### WORK ORDER:
Reproduce the data in full, exactly as given, leaving images out.

### DATA BELOW:
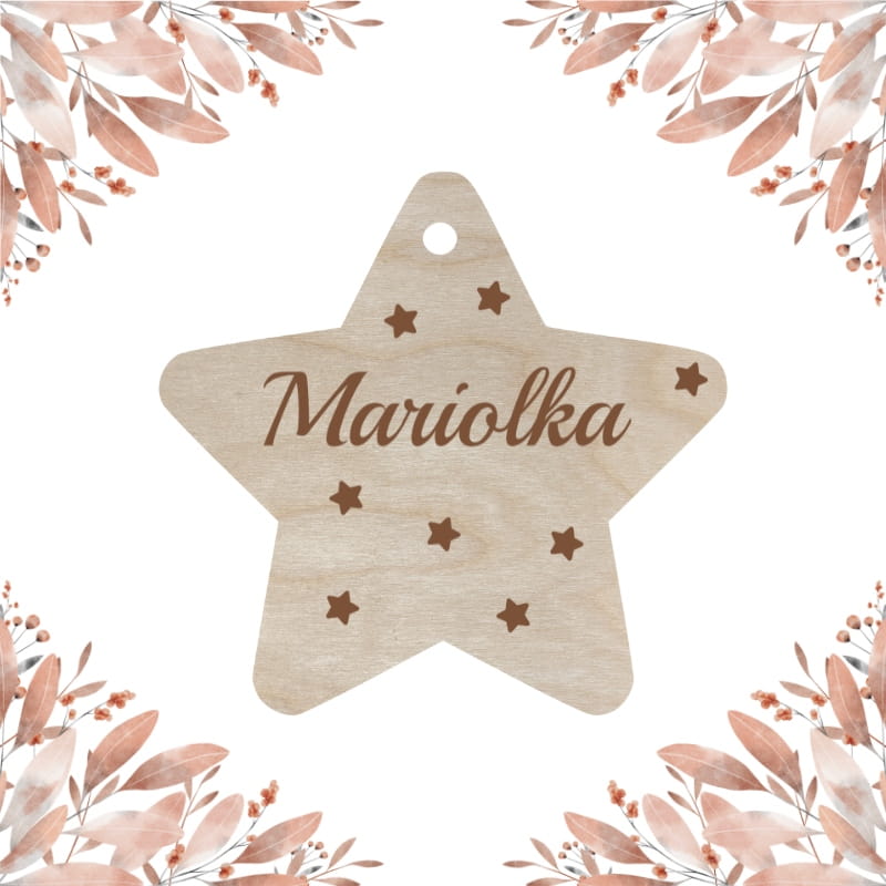 Nadaj swoim świętom wyjątkowy charakter dzięki eleganckiej zawieszce w kształcie gwiazdy z grawerowanym imieniem i ozdobnymi gwiazdkami! To piękna i unikalna dekoracja na choinkę, do stroików lub jako symboliczny upominek dla bliskiej osoby.
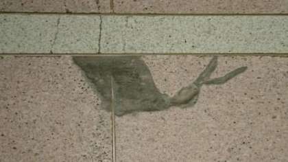 廊下を補修した跡が、うさぎさんの形をしていました。
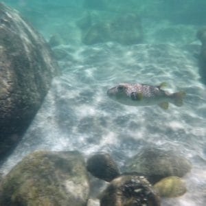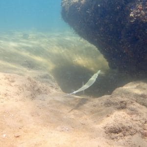 Ce spot, assez isolé, permet d’observer une grande diversité de poissons. Autour des rochers, vous verrez tour à tour des sergents majors, plusieurs espèces de poissons-ballons et porc-épic, des poissons-flûtes, et la très colorée girelle arc-en-ciel.
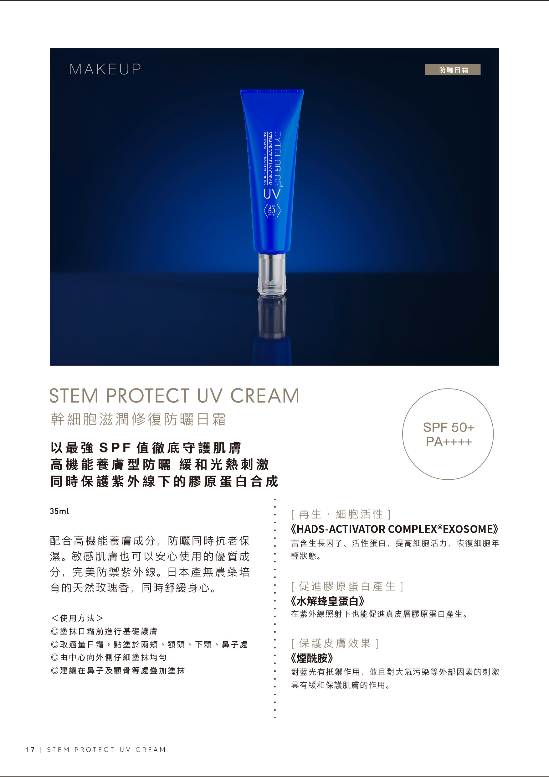 Stem Protect UV Cream SPF50+ PA++++ 是一款集修護與防護的高端防曬日霜,擁有最高防曬係數,徹底阻擋紫外線與藍光

### SOLUTION FOR THIS EXERCISE:
 Nadaj swoim świętom wyjątkowy charakter dzięki eleganckiej zawieszce w kształcie gwiazdy z grawerowanym imieniem i ozdobnymi gwiazdkami! To piękna i unikalna dekoracja na choinkę, do stroików lub jako symboliczny upominek dla bliskiej osoby.
 廊下を補修した跡が、うさぎさんの形をしていました。
 Ce spot, assez isolé, permet d’observer une grande diversité de poissons. Autour des rochers, vous verrez tour à tour des sergents majors, plusieurs espèces de poissons-ballons et porc-épic, des poissons-flûtes, et la très colorée girelle arc-en-ciel.
 Stem Protect UV Cream SPF50+ PA++++ 是一款集修護與防護的高端防曬日霜,擁有最高防曬係數,徹底阻擋紫外線與藍光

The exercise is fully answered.